[[ Data extract, beginning ]]
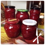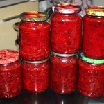 Доводим до вкуса солью и сахаром, варим 1-2 минуты и раскладываем по небольшим баночкам (само собой баночки моем, стерилизуем над паром, крышечки кипятим)
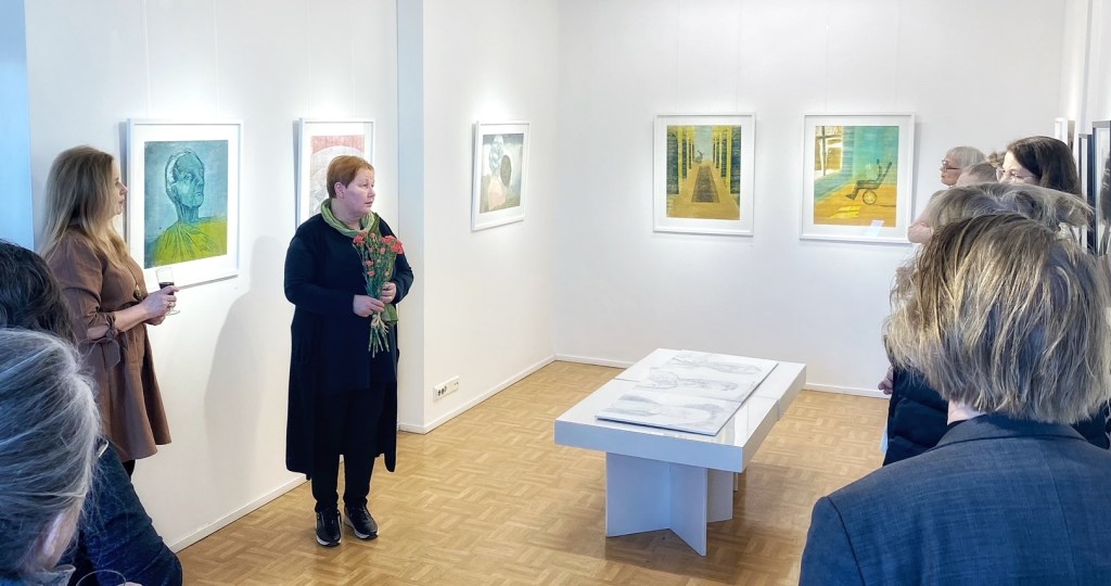 Grafiikanpajan puolella ukrainalaisen Yuliia Nemyrovskajan Mielenkiintoisia tarinoita satukissojen elämästä -näyttely.
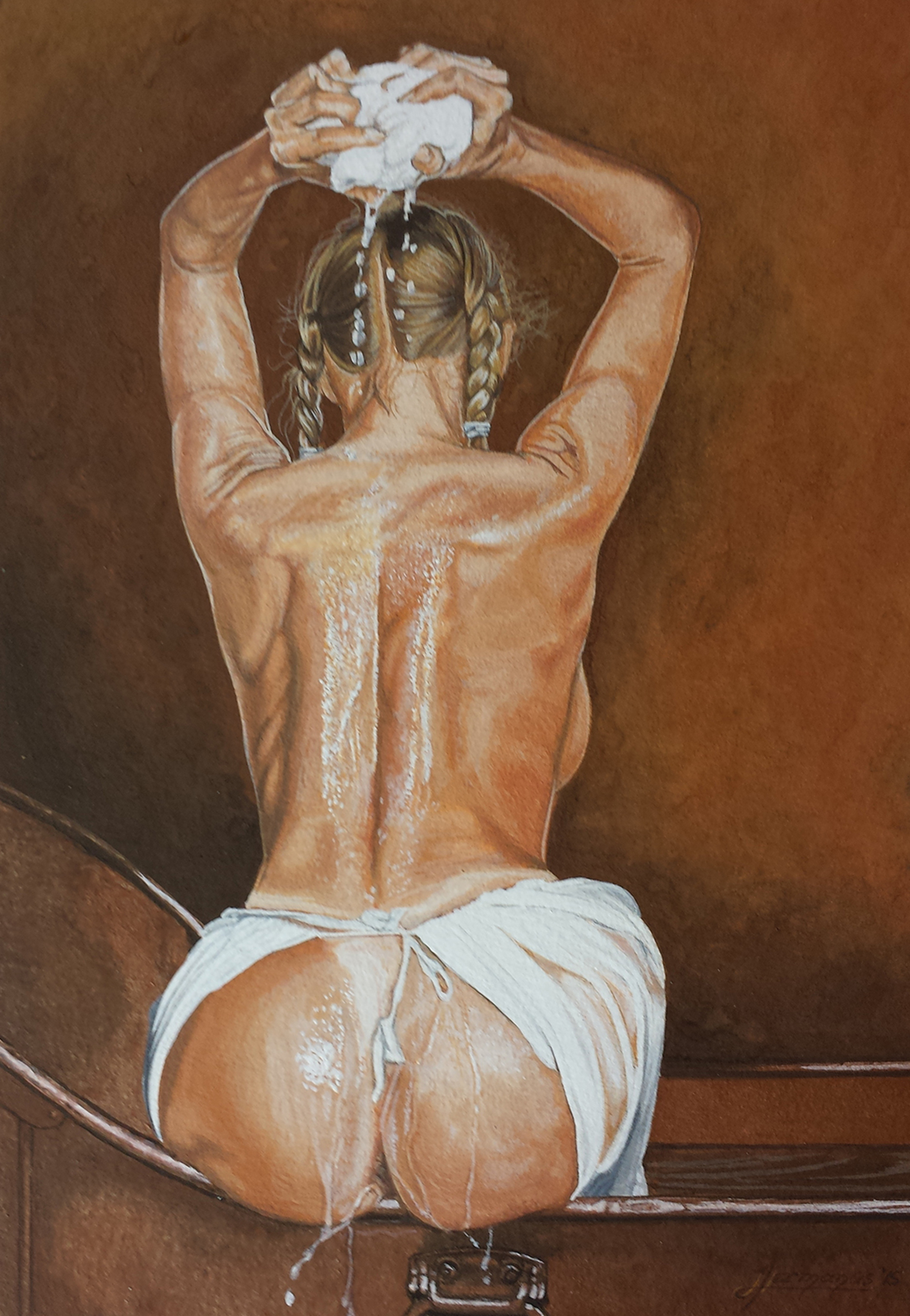 Danni Ashe. Badend in een koperen badkuip.
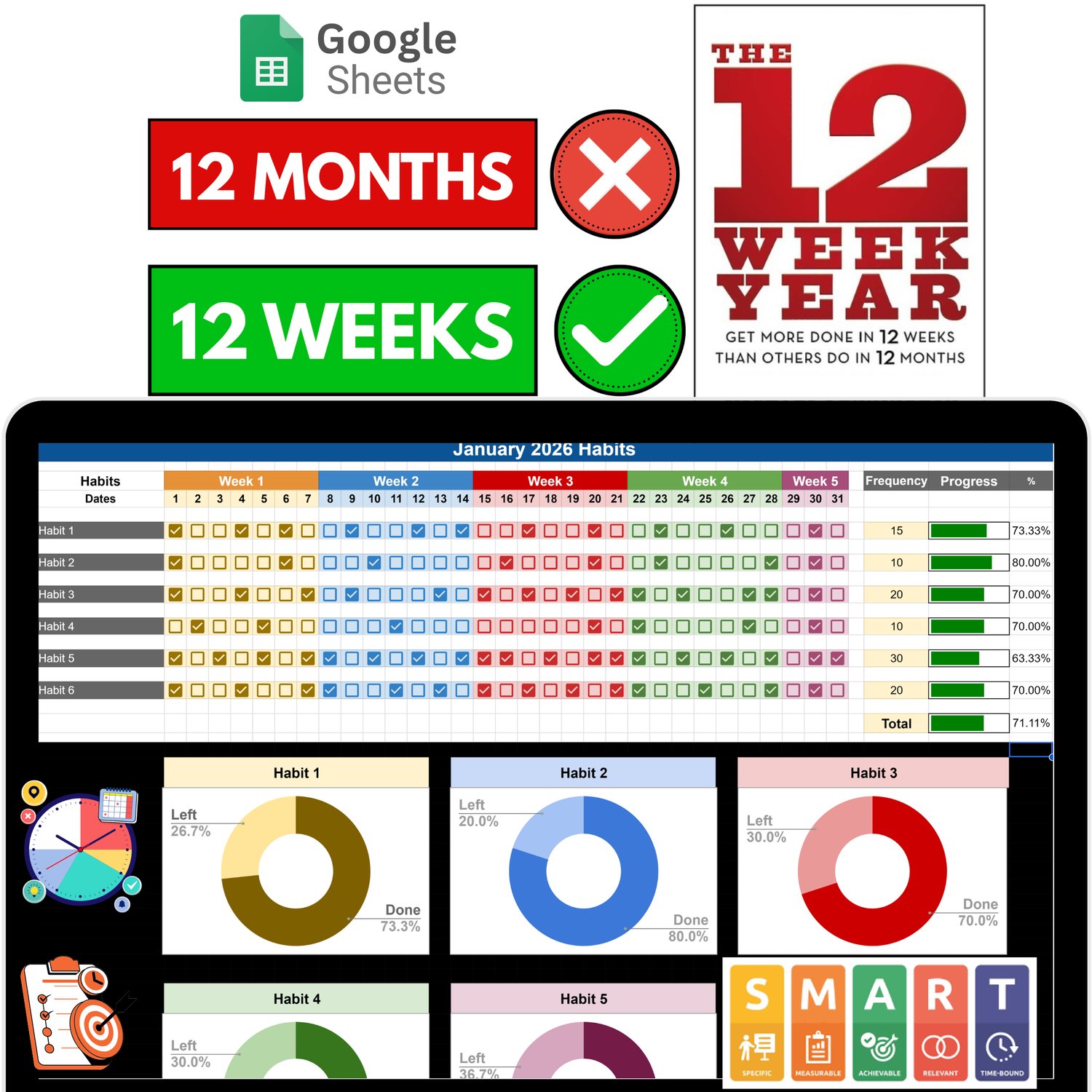 Transform your annual goals into clear, actionable steps with 12 Week Year Google Sheets Planner & Habit Tracker.
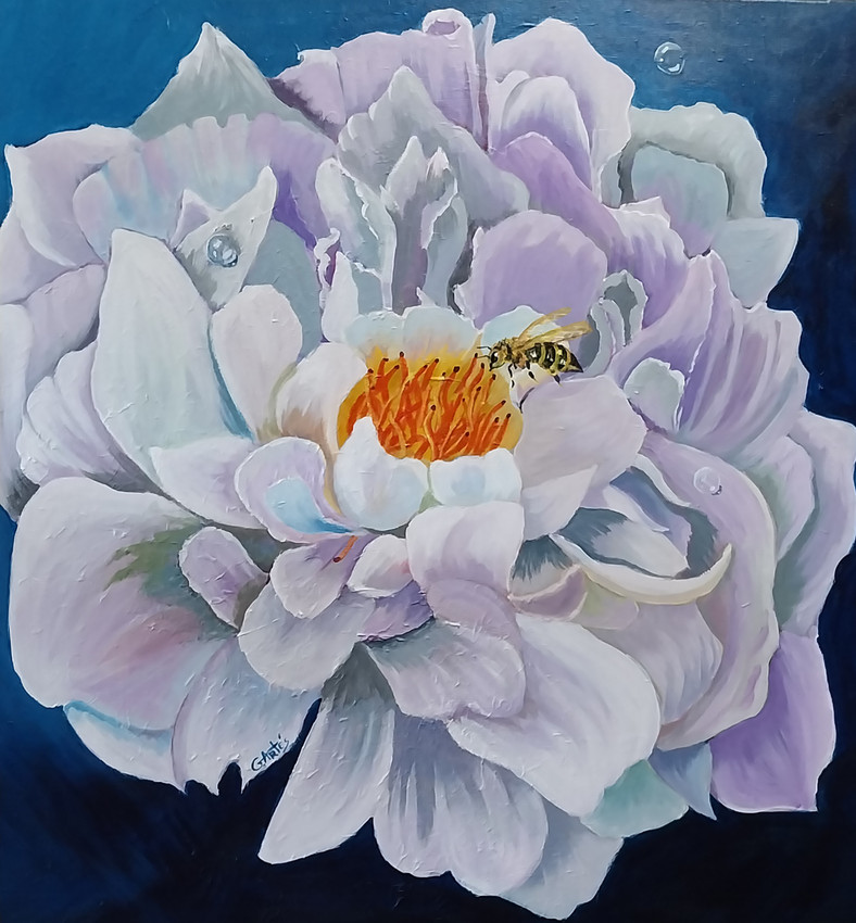Esta obra nos acerca al mundo de las plantas. Se puede observar una abeja, recogiendo el néctar de la flor.
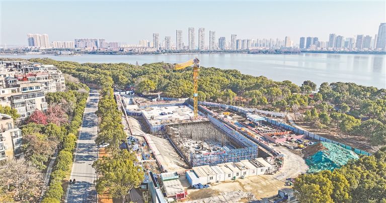 南昌市东湖区青山湖西岸环境整治提升项目旨在打造集生态休闲、文化体验于一体的滨湖森林休闲公园,为市民提供更多优质休闲场所。图为1月7日,无人机航拍项目施工现场。 本报全媒体记者 张翰林摄
[[ Data extract, end ]]
• Exercise objective: Starting at the line that contains "Esta obra nos", retype each line through the final one in the listing, with both ends kept and the pictures omitted.

• Answer to this task:
Esta obra nos acerca al mundo de las plantas. Se puede observar una abeja, recogiendo el néctar de la flor.
 南昌市东湖区青山湖西岸环境整治提升项目旨在打造集生态休闲、文化体验于一体的滨湖森林休闲公园,为市民提供更多优质休闲场所。图为1月7日,无人机航拍项目施工现场。 本报全媒体记者 张翰林摄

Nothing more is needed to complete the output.